With this tool students can now easily check intermediate steps in their solution, e.g., if they work with a correct loop invariant. Instructors can easily establish the correctness of electronically submitted assignments.

Electronic voting (e-voting) systems that are used in public elections need to fulfill a broad range of strong requirements concerning both safety and security. Among those requirements are reliability, robustness, privacy of votes, coercion resistance, and universal verifiability. Bugs in or manipulations of an e-voting system can have considerable influence on society. Therefore, e-voting systems are an obvious target for software verification. This case study proves the preservation of privacy of votes for a basic electronic voting system. Altogether the considered code comprises eight classes and thirteen methods in about 150 lines of code of a rich fragment of Java.

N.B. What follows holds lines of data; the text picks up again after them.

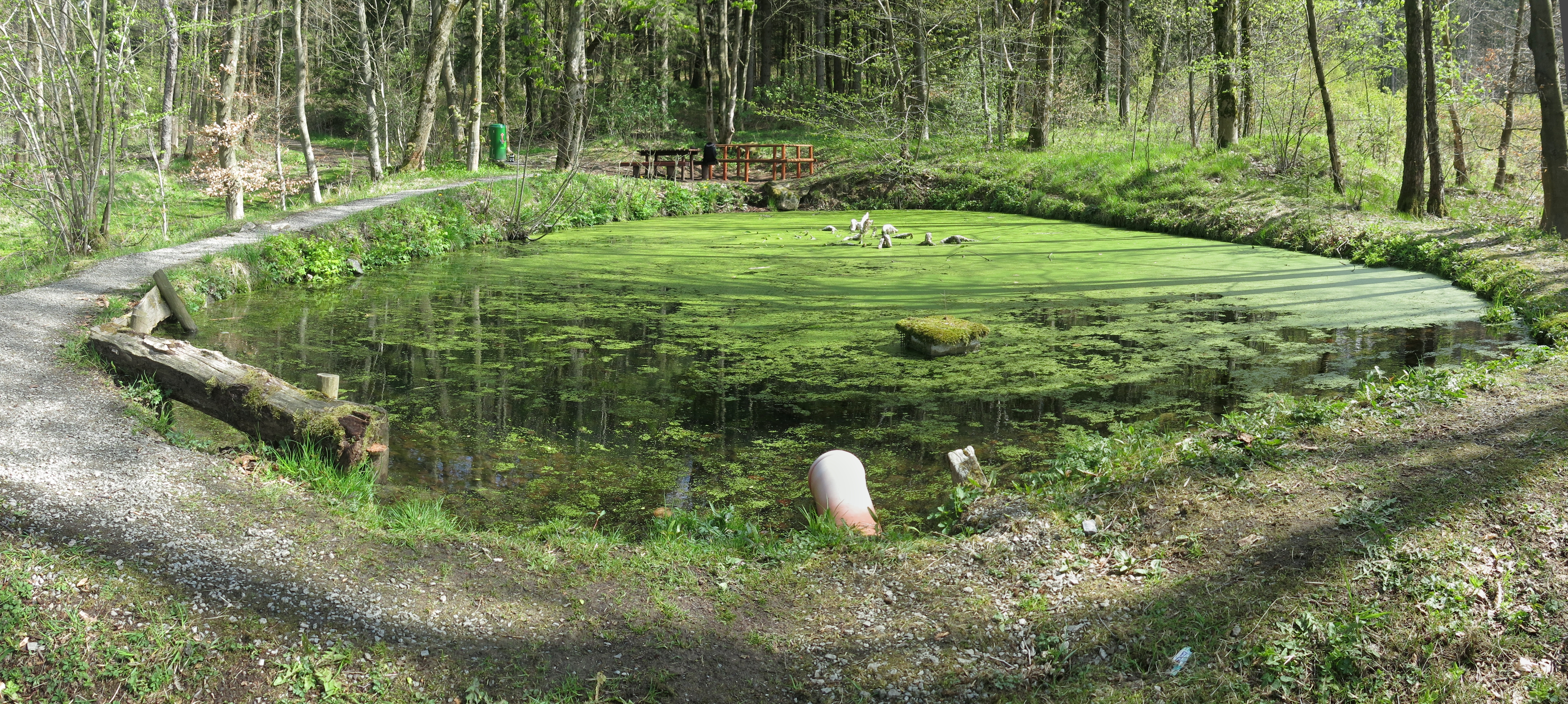 Pond in the near of "Bubenbader Stein" in the Rhön Mountains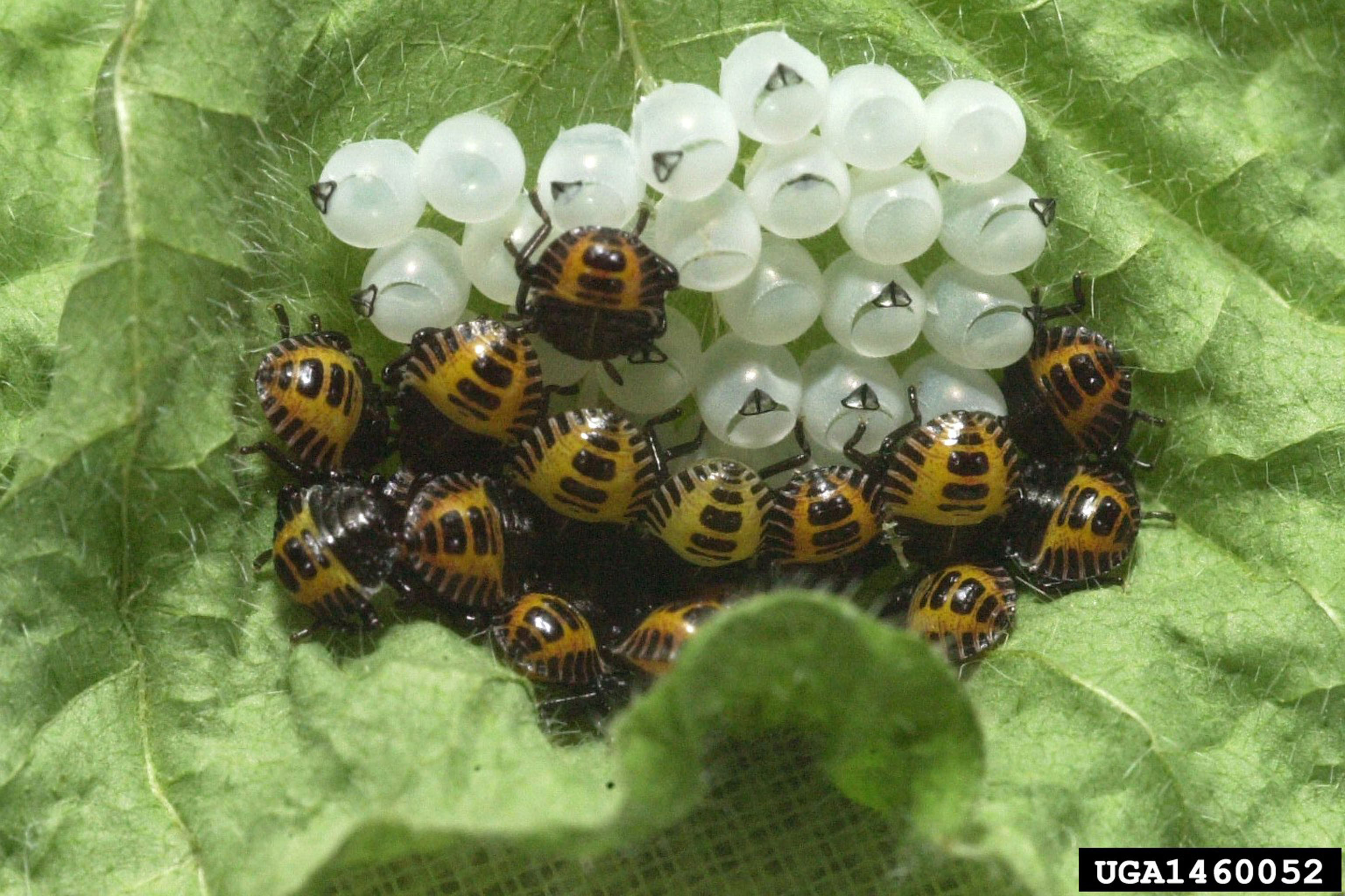 The bug is indigenous to Asia and is considered an agricultural pest in Japan. The insects have been found in trees and in houses, where they produce a pungent, malodorous chemical. The insect can be an agricultural pest, threatening apples, pears, peaches, figs, mulberries, citrus, persimmon and soybeans. It was found in Allentown, PA in October, 2001.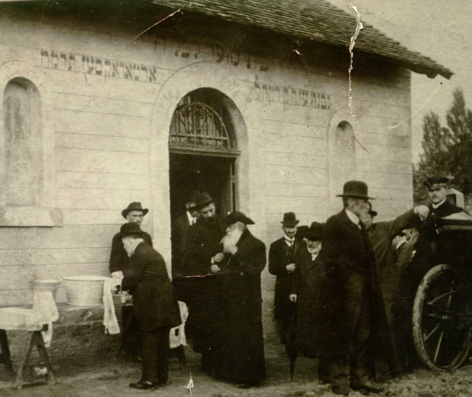 Rabbi Jacob Koppel Reich, chief Orthodox rabbi of Budapest, at the exit from the Csörsz street Jewish Cemetery. Picture taken at some point before his 1929 death.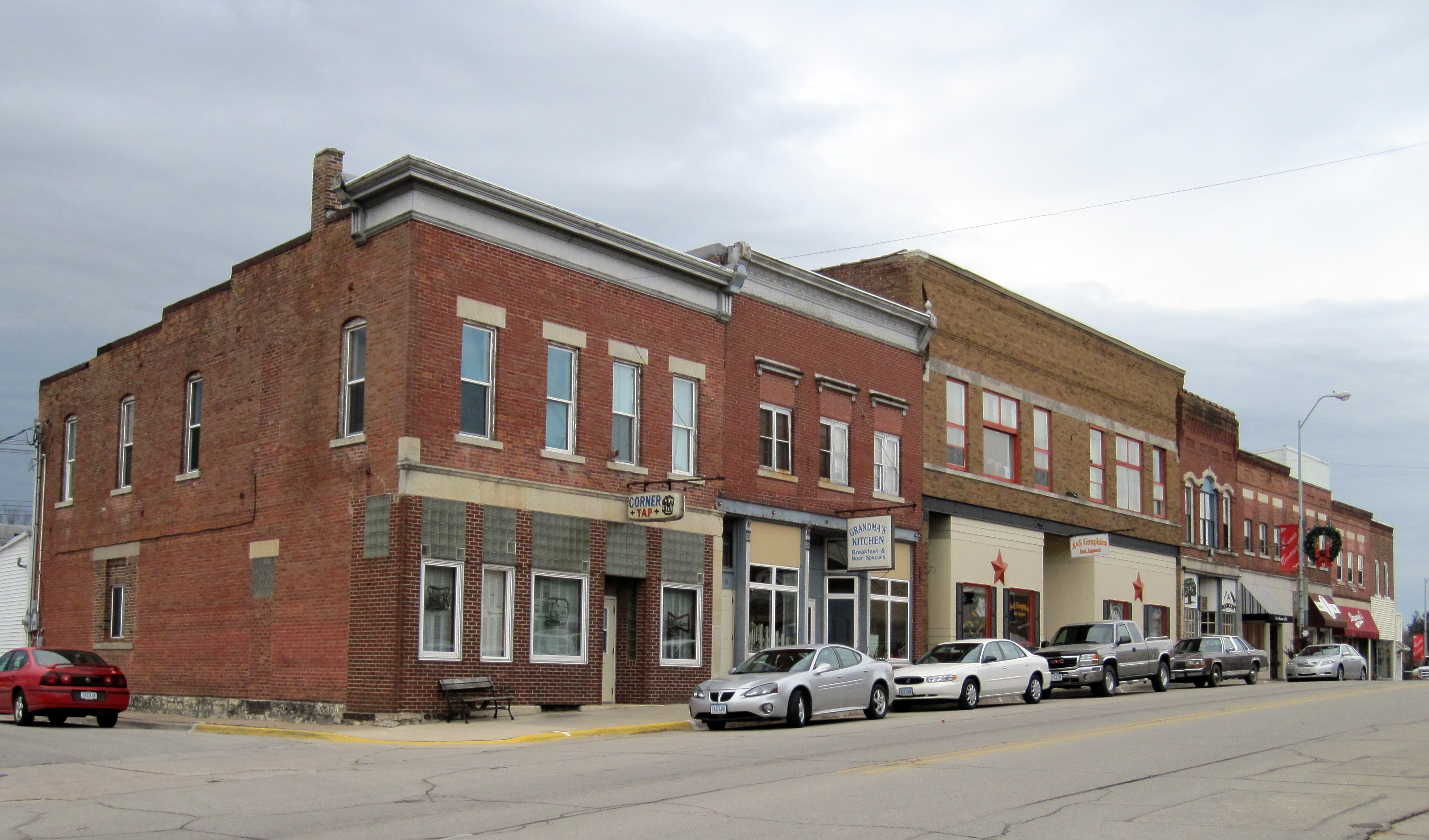 Cascade Bill Whittaker (talk) 15:30, 21 November 2009 (UTC)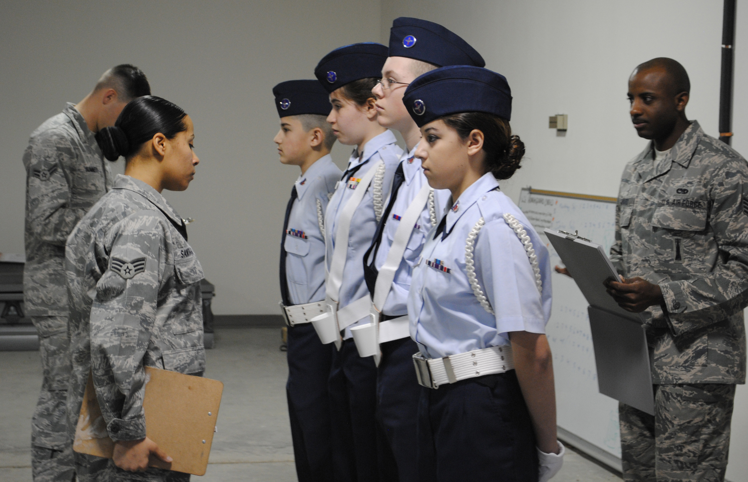 Members of Malmstrom's Honor Guard served as the judges for the Malmstrom Civil Air Patrol six-part evaluation March 26. Here they perform an in-ranks inspection. The judges are Senior Airman Miriam Santiago, 341st Force Support Squadron services chef technician; Airman 1st Class Cory Summers, 341st Civil Engineer Squadron pavement and equipment apprentice; and at rear, Staff Sgt. Elijah Leonard, 341st Maintenance Operations Squadron controller. (U.S. Air Force photo/Airman Cortney Hansen)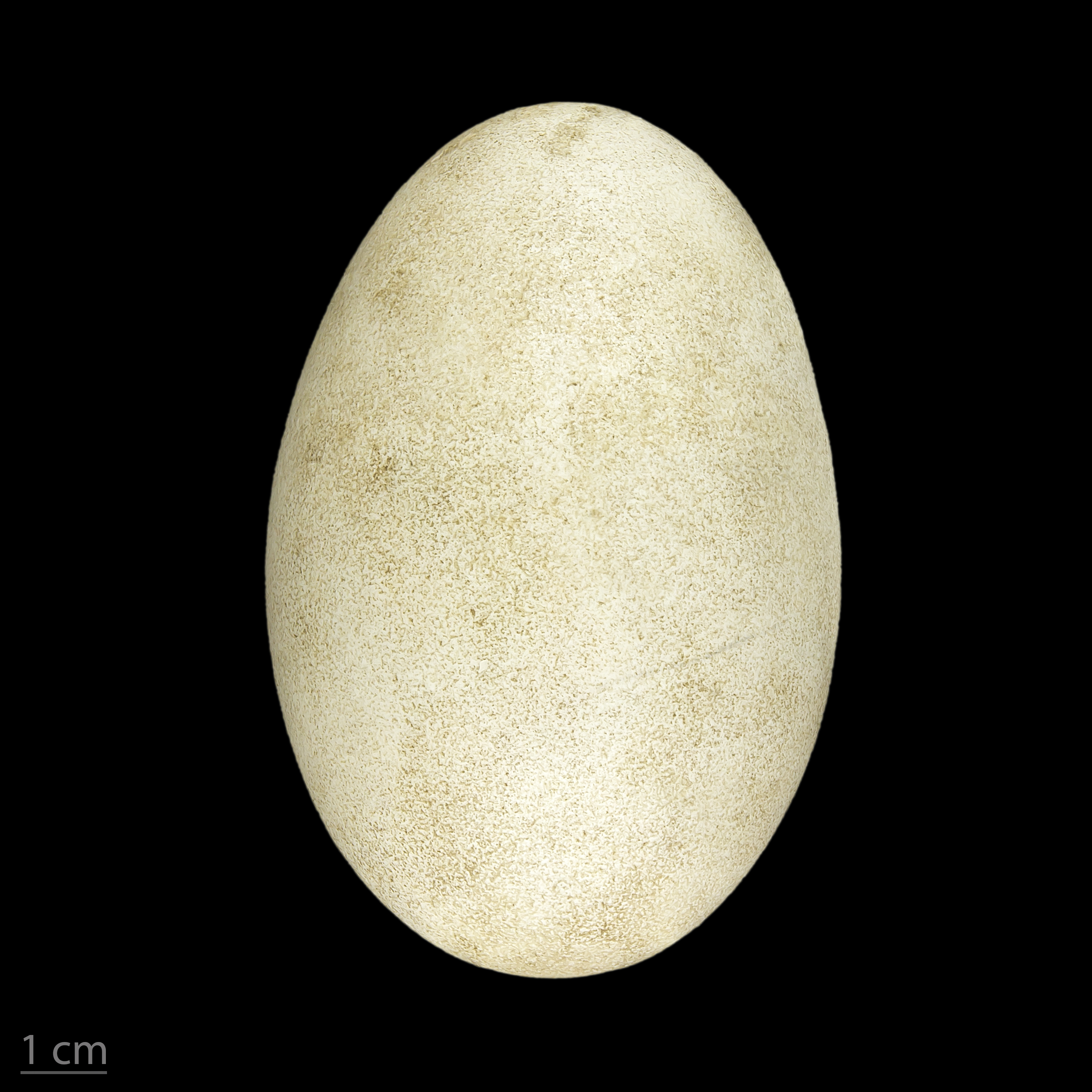 Egg of swan goose Collection of Jacques Perrin de Brichambaut.

We discuss a mechanized correctness proof in KeY of Counting sort and Radix sort. Counting sort is an unusual sorting algorithm in the sense that it is based on arithmetic rather than comparisons. Radix sort is tailored to sorting arrays of large numbers. It uses an auxiliary sorting algorithm, such as Counting sort, to sort the digits of the large numbers one-by-one. The correctness of Radix sort requires the stability of the auxiliary sorting algorithm. Stability here means that the order between different occurrences of the same number is preserved. The correctness proof of Counting sort includes a proof of its stability.